This creamy soup was described as a marriage between French cooking (leek and crème fraîche) and Tex-Mex flavors (poblano and cilantro). I think this soup tastes like our favorite tacos in bowl…. with a more sophisticated presentation. 🙂

I love the poblano chile flavor- one of my favorite ingredients. I may even add an additional poblano chile next time! I always save my Parmesan cheese rinds tightly wrapped in the freezer, perfect to use to flavor sauces and soups like this one.
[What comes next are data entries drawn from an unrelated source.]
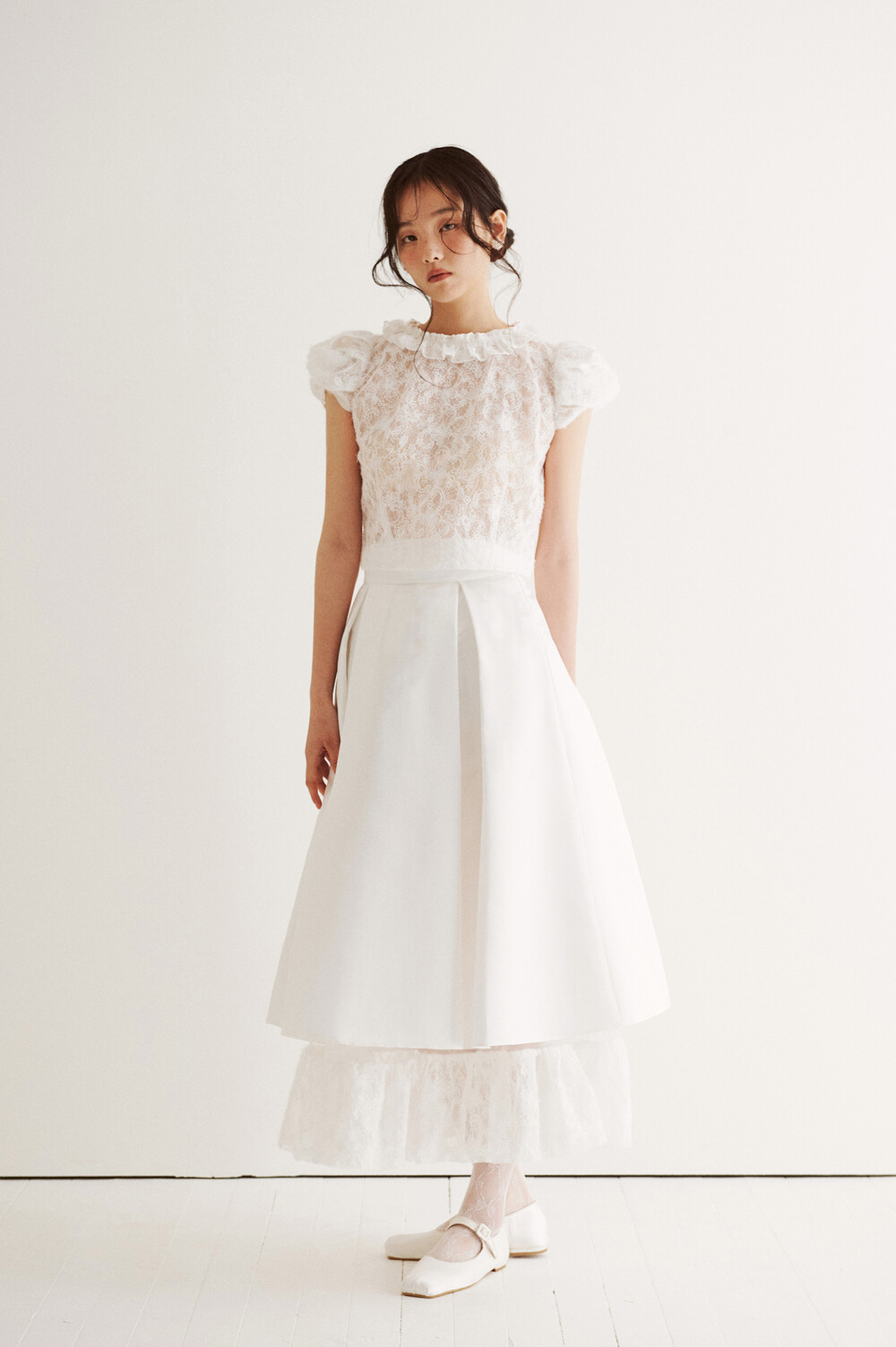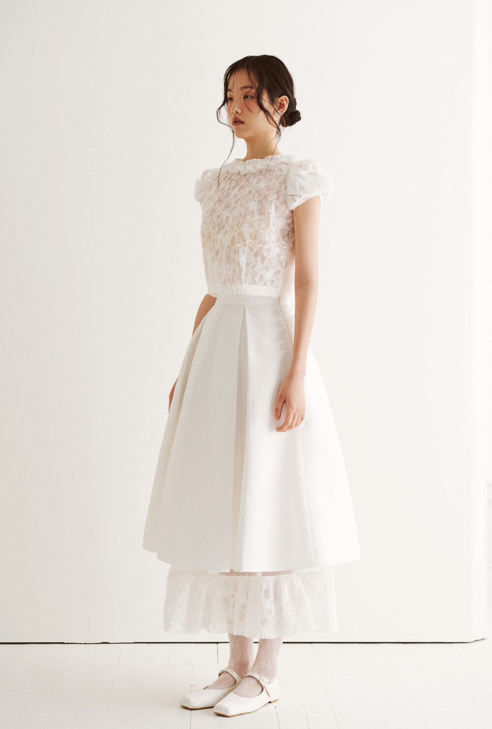 브라이덜 트위스트 퍼프 투 피스 드레스_화이트
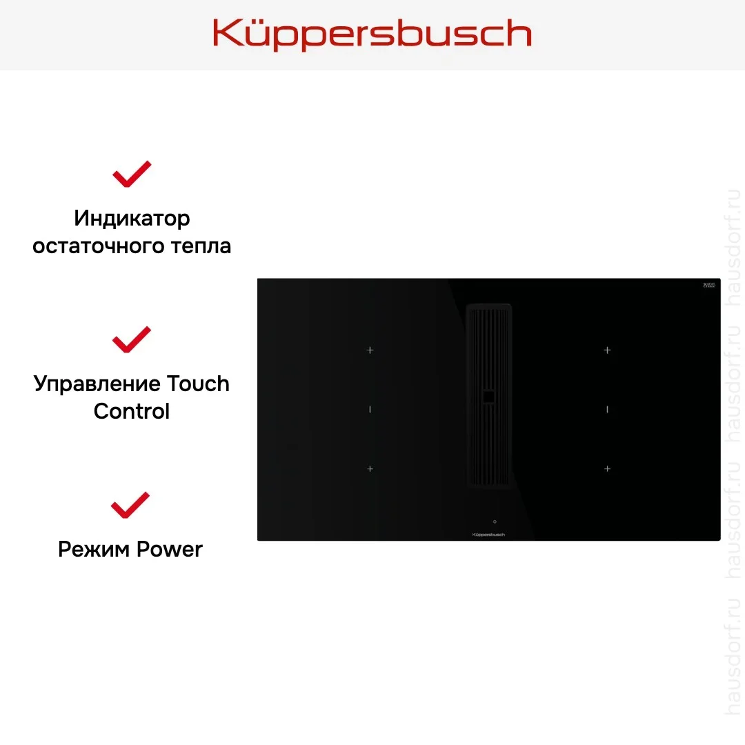 Индукционная варочная панель с вытяжкой Kuppersbusch KMI 9350.0 SR Black Velvet — варочная панель премиального сегмента, немецкого производства, сочетающая надёжность и передовые технологии Küppersbusch.
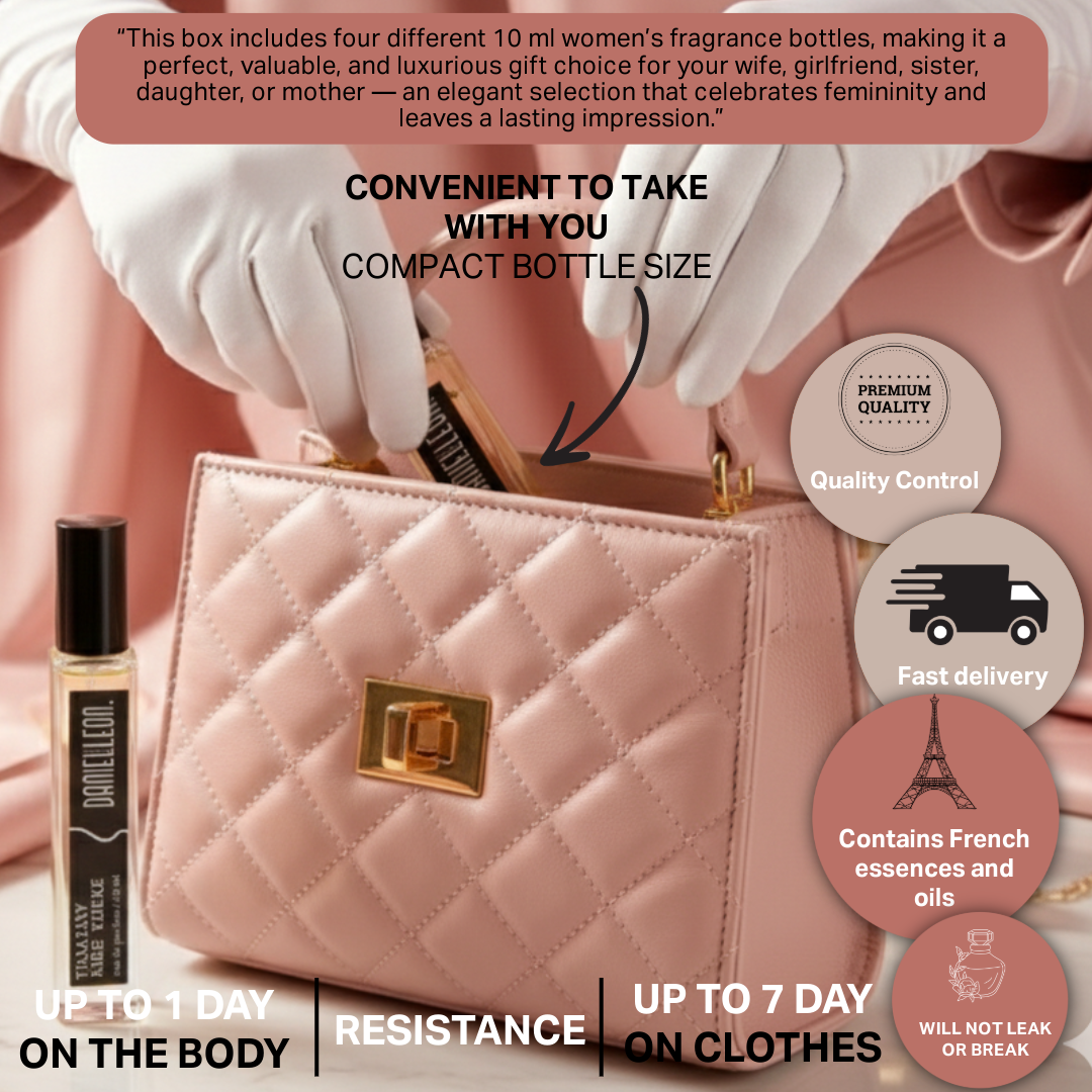 Step into luxury with our exclusive tester pack featuring 4 of the most iconic and irresistible fragrances. Whether you’re exploring our scents, looking for the perfect gift, or need a compact perfume for on-the-go – this package has you covered. – So Sexy – Bold, flirty, and confident. Perfect for turning heads and leaving a lasting impression. – Mademoiselle (Inspired by Coco Mademoiselle) – Fresh, classy, and feminine. A timeless scent for everyday elegance. – Black Opium – Deep, sweet, and addictive. Ideal for nights out and those who love a powerful presence. – Tiziana Terenzi Kirke – Fruity, exotic, and luxurious. A unique scent that stands out in any crowd. – A great way to discover your signature scent!
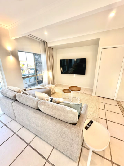 Contemporary Airbnb living room featuring a wall-mounted smart TV, LED downlights, wall sconces, and soft furnishings.

This recipe was adapted from a Food and Wine “staff favorite” recipe, contributed by Danika Boyle. We ate it with a fresh sourdough baguette and then again with hot popovers on the side. This soup would be just as delicious served cold.

Yield: 6 to 8 servings

  • 1/4 cup extra-virgin olive oil
  • 1 large leek, white and tender green parts only, thinly sliced
  • 1 large poblano—cored, seeded and thinly sliced (maybe 2 next time?)
  • 5 medium zucchini (2 1/4 pounds), cut into 1-inch rounds
  • 3 large garlic cloves, thinly sliced
  • Kosher salt
  • freshly ground black pepper
  • 1 quart chicken stock
  • 1 small Parmesan cheese rind (optional)
  • One 6-ounce bunch cilantro, stemmed and coarsely chopped, plus whole leaves for garnish
  • 1 cup (8 oz) crème fraîche
  1. In a large pot, heat the olive oil until shimmering. Add the leek and poblano and cook over moderate heat, stirring, until softened, about 8 minutes.
  2. Add the zucchini and garlic, season with salt and pepper and cook, stirring occasionally, until crisp-tender, 5 to 6 minutes.
  3. Add the chicken stock and Parmesan rind and bring to a boil. Simmer over moderate heat until the zucchini is very tender and no longer bright green, about 15 minutes. Discard the Parmesan rind and add the chopped cilantro.
  4. Puree the soup with an immersion blender until very smooth.
  5. When puréed, whisk in the crème fraîche and reheat gently if necessary.
  6. Season the soup with salt and pepper and ladle into bowls. Garnish the soup with cilantro leaves and serve.
Make Ahead: The soup can be refrigerated overnight. Reheat gently or serve cold.